Islanders' Anders Lee (27) celebrates after his goal with teammate...

Islanders' Anders Lee (27) celebrates after his goal with teammate Bo Horvat (14) during the third period of an NHL hockey game against the Carolina Hurricanes in Raleigh, N.C., Saturday, Dec. 23, 2023. Credit: AP/Karl B DeBlaker

RALEIGH, N.C. — The two points had been collected in a frenetic 5-4 win over the Hurricanes and the Islanders headed into the three-day Christmas break feeling good. First, though, Cal Clutterbuck wanted to make an educated point.

“We won the game, so that’s the way we wanted it,” he said when asked about the up-and-down nature of the play in Saturday night’s victory at PNC Arena. “It’s chaotic when you play those guys. I really don’t think people understand that their game plan is to just get the puck and throw it at the net. And it just creates chaos.”

Three times the Islanders (16-8-9) — who have earned at least a point in 17 of their last 19 games and took over sole possession of second place in the Metropolitan Division — led by two goals.

“I thought we played hard,” coach Lane Lambert said. “The effort level, the blocked shots throughout the whole game. And that’s a good hockey team over there. I thought it was a full-on war tonight. We have some offense of our own. Do we want to go up and down? Eh, not totally. But we can go up and down.”

Perhaps the biggest difference was in the quality of goaltending.

Ilya Sorokin stopped 36 shots for the Islanders, including sliding to deny Stefan Noesen near the crease with 6.4 seconds left in regulation and the Hurricanes skating six-on-five.

A shaky Pyotr Kochetkov made 23 saves for the Hurricanes (17-13-4), who already had split two overtime games with the Islanders. Kochetkov arguably could have stopped four of the goals he allowed.

“You could tell he wasn’t as good as he’s been,” Hurricanes coach Rod Brind’Amour said. “That was probably the difference, right?”

“Our goalies give us a chance every single night,” Brock Nelson said. “Sorokin made a couple big saves again tonight and we know we’re going to get that.”

The Hurricanes wasted little time cutting the Islanders’ lead to 4-3 as defenseman Jaccob Slavin connected from the left circle at 1:56 of the third period. But Kochetkov allowed Anders Lee’s shot from low in the right circle to sneak through his pads as the Islanders regained a two-goal lead at 3:44. It was career goal No. 250 for Lee.

Lee, however, took a bad hooking penalty against defenseman Brady Skjei in the neutral zone at 7:48 and Noesen, at the left post, pushed in a power-play goal to cut it to 5-4 at 9:17.

“I thought we did a great job of that,” Lee said of managing emotions in the wild third period. “We stuck with our game. We stuck with what we needed to do. They were coming back and we had some great responses.”
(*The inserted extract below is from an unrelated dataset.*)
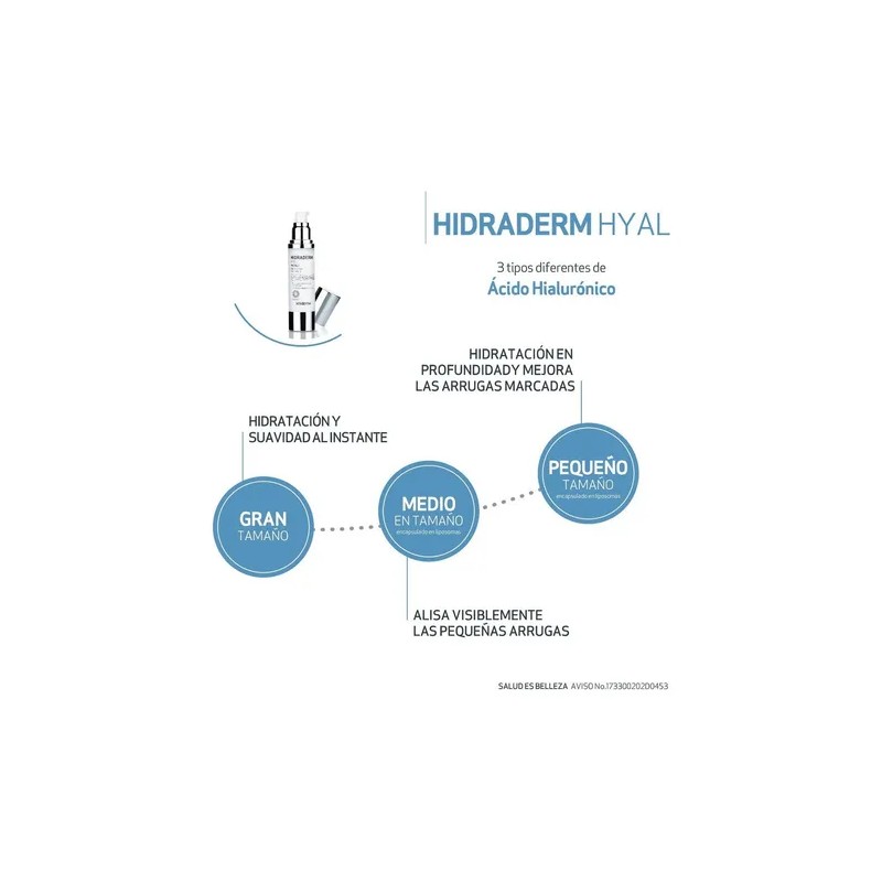 La hidratación es el primer paso y esencial para mantener la juventud de la piel, ya que una crema hidratante de calidad es capaz de retrasar la aparición de las primeras arrugas. En el caso de Hidraderma Hyal crema sus 3 tipos de ácido hialurónico proporcionan la hidratación multiplicada por 3. Por eso es ideal para todas las edades y tipos de piel. No te dejes engañar por su textura ultraligera. Hidrata mucho más y mejor (en superficie y en profundidad) que las texturas más untuosas. Así que, aunque tengas la piel seca, ¡esta es tu hidratante!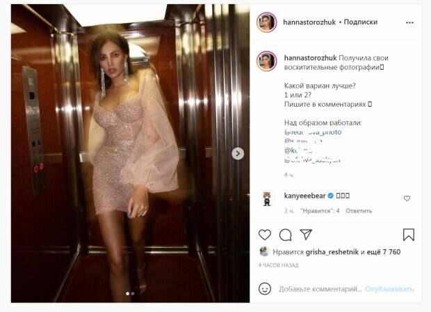 В результате красотка набрала 16 лишних килограммов. Прийти в прежнюю форму Анне помогли отказ от сладкого, тренировки в зале пять раз в неделю, LPG-массаж и правильный настрой. Сейчас девушка может похвастаться идеальной фигурой, которую демонстрирует в своем Инстаграм. Так, в новом посте красотка появилась в сияющем мини-платье. Наряд был с вырезом, а его длина позволила полюбоваться ножками возлюбленной "холостяка". Снимок был представлен в двух вариантах. "Получила свои восхитительные фотографии Какой вариант лучше? 1 или 2? Пишите в комментариях ⬇️", - поинтересовалась Богдан. За четыре часа публикация собрала более 7000 лайков и много комментариев. "

Defenseman Sebastian Aho opened the Islanders’ three-goal first period on a shot from the slot at 11:19 that eluded a scrambling Kochetkov. The goal happened only because defenseman Mike Reilly was not penalized seconds earlier as he dived and swiped his stick to stop Andrei Svechnikov’s potential breakaway.

Teuvo Teravainen knocked in a loose puck in the paint to tie it at 12:22. Nelson regained a one-goal lead from the slot at 14:43 and Mathew Barzal’s cross-ice feed set up Bo Horvat’s one-timer from the right circle to make it 3-1 at 18:25. Kochetkov got a piece of Horvat’s blast with his blocker.

The Hurricanes’ Sebastian Aho made it 3-2 with a power-play goal 59 seconds into the second period. Reilly regained the two-goal lead for the Islanders with a blue-line knuckler through traffic that Kochetkov still should have stopped at 14:12 of the second period.